On an earlier day, Gaetz had a single sexual encounter with the same 17-year-old, according to another person familiar with the matter. After she turned 18, Gaetz paid for sex with her on at least two other occasions, the person said.

In picking Gaetz last week, Trump disregarded any concerns about the scandals after his advisers deadlocked over other choices, including Andrew Bailey, attorney general of Missouri, and Robert J. Giuffra Jr., a top lawyer at Sullivan & Cromwell. Gaetz’s selection was pushed heavily by Boris Epshteyn, Trump’s legal adviser, who has helped stock his Justice Department at the top levels.

Trump seemed attracted to Gaetz as attorney general especially because of the former congressman’s willingness to blow things up. The president-elect remains deeply angry at the Justice Department’s efforts to prosecute him for his efforts to overturn the 2020 election and hoard classified documents that did not belong to him. He has also indicated that he wants to use the Justice Department to go after his political adversaries.

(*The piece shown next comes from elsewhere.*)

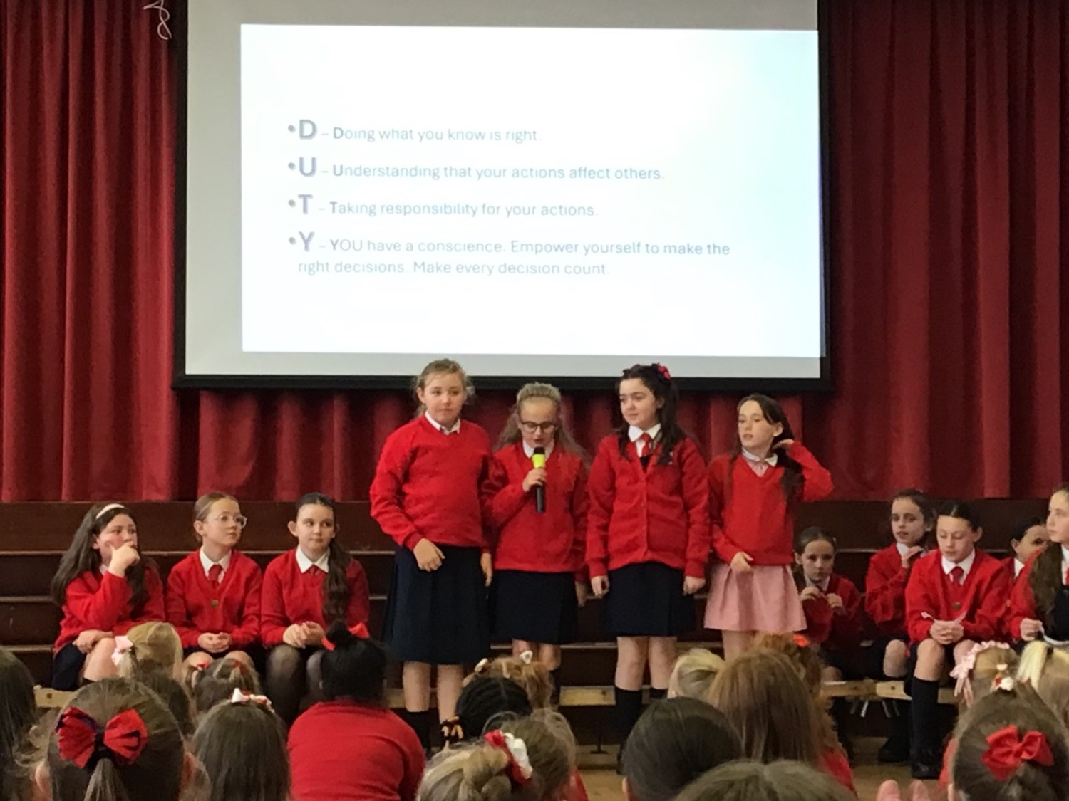 Well done to our fabulous Primary Seven girls who presented assembly today, based on the value of DUTY. The girls spoke confidently and performed their drama scenarios beautifully, giving us lots of ideas and reminding us of Martin Luther King Jr’s words, “The time is always right to do what is right.”

Gaetz appeared to be in sync with this thinking. A vocal and bombastic critic of the Justice Department, Gaetz has suggested abolishing the FBI; the Bureau of Alcohol, Tobacco, Firearms and Explosives; and even the Justice Department as a whole. He introduced legislation last year to eliminate the ATF, which regulates firearms dealers and fights gun crimes.

Gaetz’s decision to resign his House seat right away, rather than wait for confirmation, now leaves him without a position in Washington. While he was just reelected this month, he made clear in his resignation letter last week that he would not serve his new term. “I do not intend to take the oath of office for the same office in the 119th Congress,” he wrote.

Whether he could reverse that decision and still take the seat again in January was not clear. At the very least, though, he could run in the special election to fill the vacancy if he wanted. Others in Florida speculated that he might seek the Senate seat of Marco Rubio, who has been picked to become Trump’s secretary of state.